2. Have a Consistent Cleaning Routine

A consistent maintenance and cleaning routine is essential for every device. The same goes for your dishwashers. After every cleaning session, take a look into the machine and remove solid debris that can clog the pores of the appliance. 

A simple way to keep your dishwasher clean is by pouring vinegar into the machine. The vinegar will automatically clean up all the clogs and take the debris down with it as it passes through the hose. 

3. Reduce Mineral Deposits

Mineral buildup is a very common cause of clogged drains and hoses, especially in households with hard water. In this case, you could be doing your best to keep the dishwasher clean, yet over the years, the excess minerals from the water will leave remnants on the system, causing it to clog eventually.  

The only solution here is to install a quality water filtration system that will effectively remove the excess mineral concentration from your water lines.

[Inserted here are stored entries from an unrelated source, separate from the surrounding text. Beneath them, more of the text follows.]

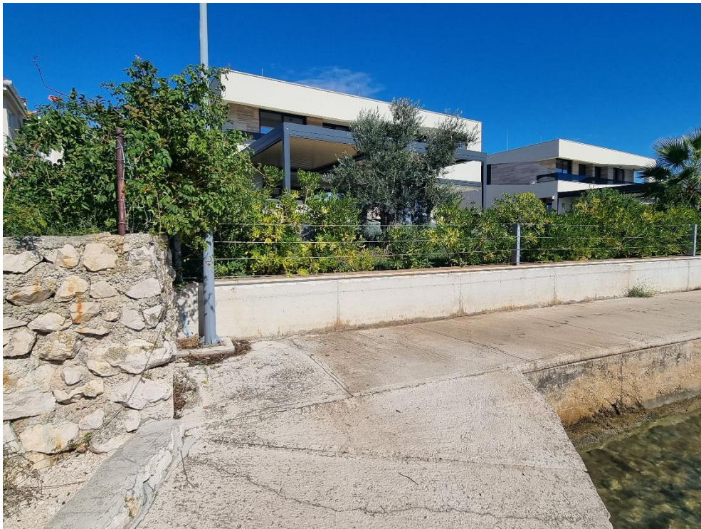
Slika 10., 11. i 12. Od lomne točke 27. do 42.
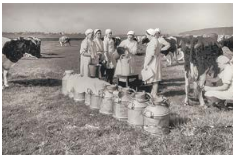
Летний выпас. 60-е.
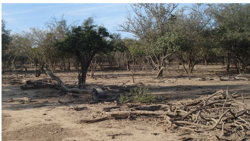
Figura 3: Leña esparcida por el suelo al pie de los árboles de la zona del municipio Santa Victoria.

La fotografía de la figura 3 muestra el panorama que se presenta al circular por los caminos de tierra de la zona, donde se observa la abundante leña esparcida por la caída debido a vientos.
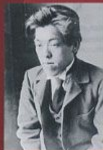
上京直後の好太郎 1921

主催：神戸市立小磯記念美術館、産経新聞社 後援：神戸新交通株式会社、NHK神戸放送局

After all, hard water isn’t only unsuitable for your dishwasher but will also hamper several other daily household chores. 

4. Empty The Filter Basket Periodically

The filter basket in your dishwasher is the component that keeps the food particles from your dishes from entering the drain. Under general circumstances, water quickly passes through the filter at an average pace. 

However, you’re required to empty the basket from time to time to prevent excessive build-up. If the basket is too congested, water will be unable to pass through and instead will form a pool right above the filtration basket. 

Final Thoughts 

Regardless of the precautions you follow, dishwasher clogging is sometimes inevitable. All that you can do is reduce the extent and frequency by learning how to unclog a dishwasher. 

However, despite all your efforts, if the machine keeps clogging now and then, the problem is definitely beyond your expertise. In this case, seeking professional expertise will be your best bet.